Here we present data identifying HCMV as an inducer of a state that shares several features with that of classic premature senescence. This observation fits in well with HCMV physiology, since during viral infection the progression of human fibroblasts is blocked at multiple points, predominantly in G1 (5, 15, 28, 30, 35). HELF expressing viral IE genes, but not the bystander negative ones, become enlarged, acquire a flattened and irregular shape typical of senescent cells, and exhibit an increase of specific markers, such as SA-β-Gal activity and PAI-1 mRNA expression. Moreover, the onset of senescence in infected HELF is accompanied by a cellular DNA synthesis halt, as shown by lack of BrdU uptake.
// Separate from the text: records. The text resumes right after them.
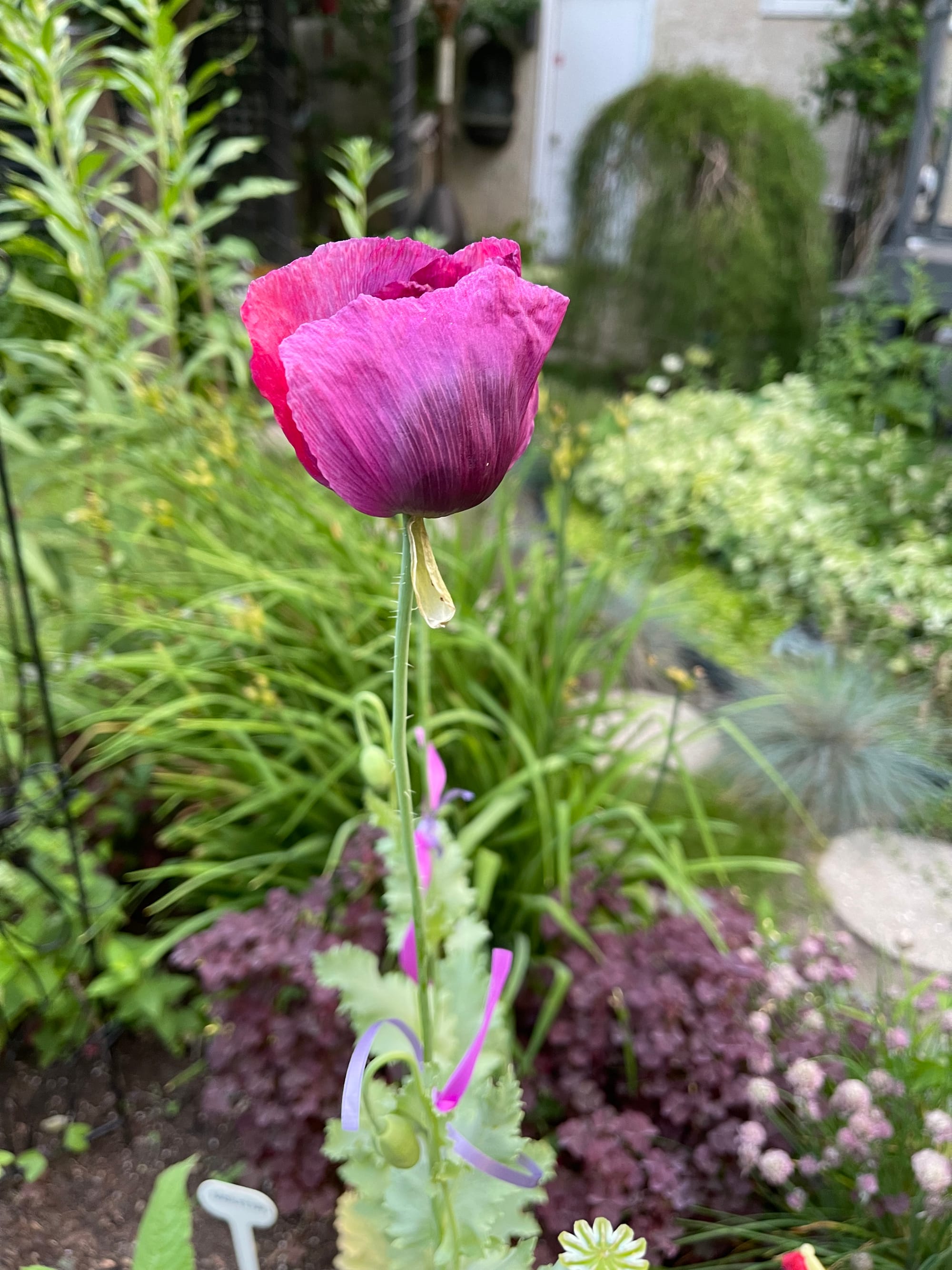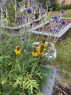 Left: A purple poppy marked with purple ribbon to identify the seeds. Centre: A 2024 circle of wildflowers for the Butterflyway Ranger program. Right: prairie coneflower and echinops. Photos: Karen Hunter.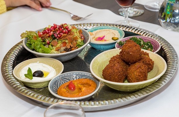 - mit Falafel & Fladenbrot Hummus, Auberginenpüree, Muhammara, Frischkäse, Falafel , Fattoushsalat, Taboulé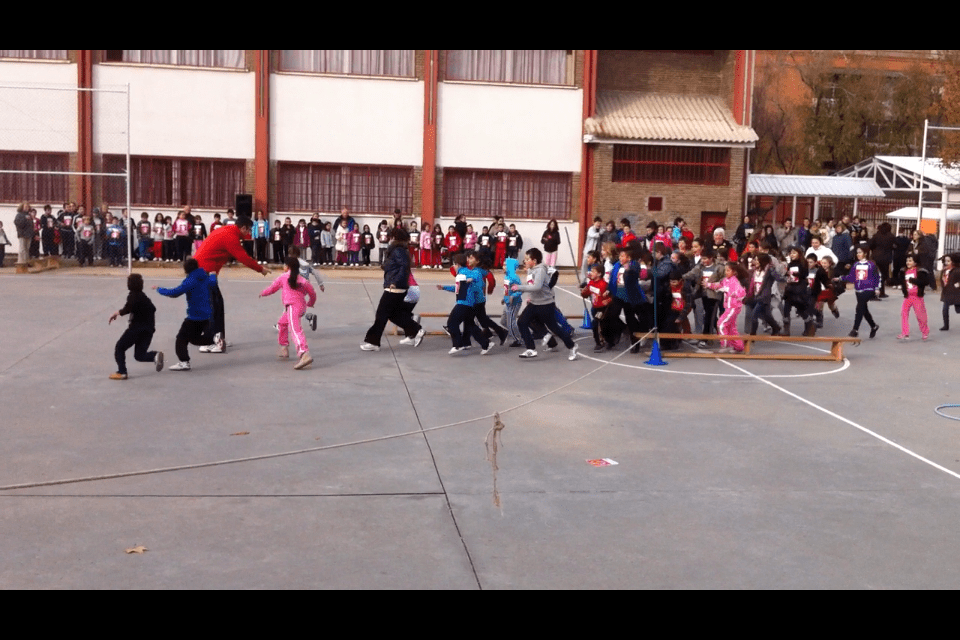 Para recaudar fondos los alumnos y alumnas del colegio participaron en una carrera en la que por cada vuelta que daban al circuito, el “patrocinador” que habían buscado – madre, padre, tío, tía, abuela, abuelo…- daba 0,50 € .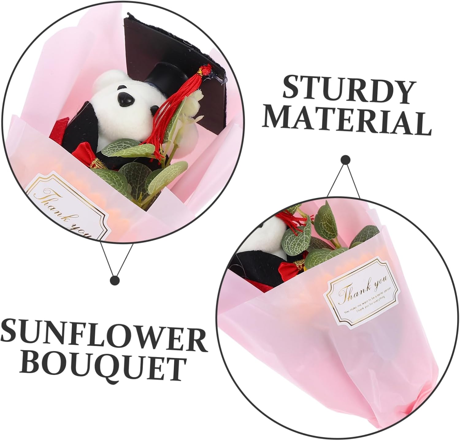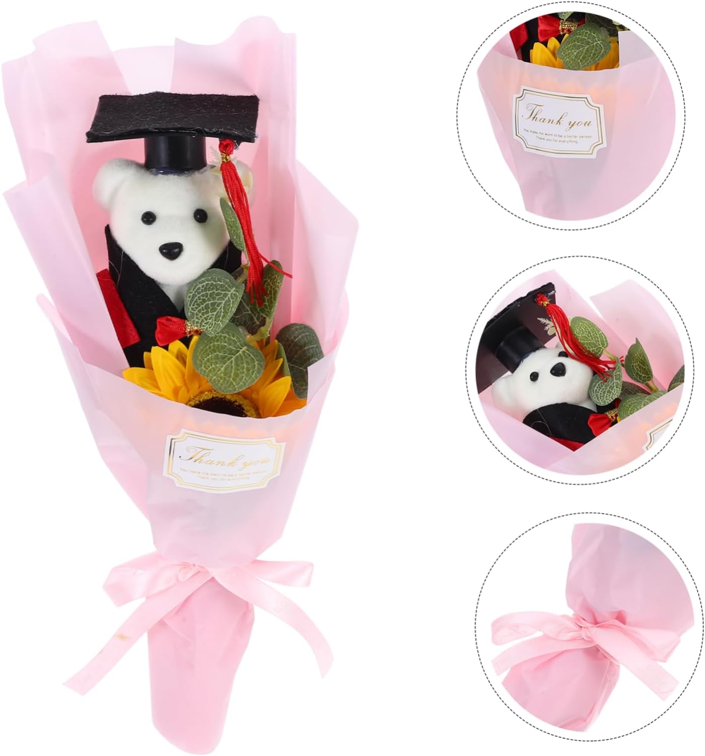 Unico e affascinante: il bouquet presenta un regalo di laurea: ideale per coloro che si diplomano e trasmette calorose congratulazioni e incoraggiamento per i loro impegni futuri Morbido e confortevole: il bouquet è morbido Decorativo e funzionale: questo bouquet funge sia da pezzo premuroso che decorativo, aggiungendo un tocco di fascino a chiunque Affascinante orsetto di peluche: l'inclusione di un simpatico orsetto di peluche migliora il fascino del bouquet, rendendolo una deliziosa aggiunta a qualsiasi festa di laurea
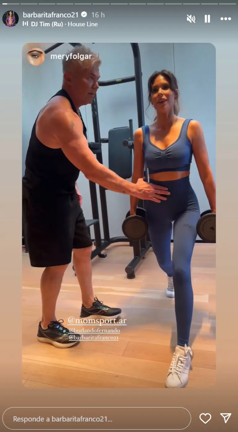 Barby Franco compartió en Instagram fotos y videos que la muestran entrenando con Fernando Burlando en una tarde signada por las risas y la complicidad que caracteriza su relación de pareja.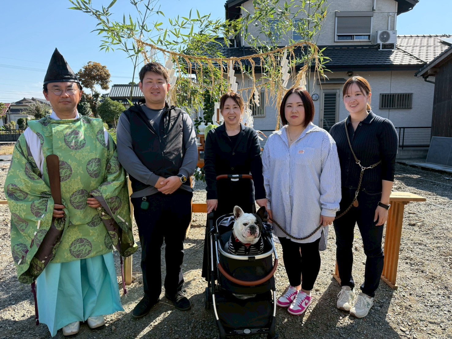 無事に地鎮祭が終わりましたので、家族で記念写真を…☆彡

The view that induction of the senescence program is of physiological significance during HCMV infection is supported by the following observations. (i) This program requires viral gene expression, since UV-inactivated virus did not induce senescence. (ii) Consistent with previous findings showing that infection of S-phase cells delays the expression of viral IE genes, we observed a delay of senescence onset when proliferating instead of quiescent cells were infected. (iii) HCMV gene products expressed during the initial 24 h of infection appear to mediate activation of the senescence program. (iv) Inhibition of delayed early and late gene expression by the selective HCMV DNA polymerase inhibitor, PFA, did not impair senescence induction. (v) Transduction of the HCMV IE2 is sufficient to stimulate HELF to undergo senescence. (vi) Premature senescence of HCMV-infected cells, following G1/S block, is an active process, since it requires fine tuning of cellular proteins, such as p16 and p53. (vii) Finally, a replicative senescence state in the early phases of infection significantly increased the number of cells permissive to virus infection and enhanced HCMV replication.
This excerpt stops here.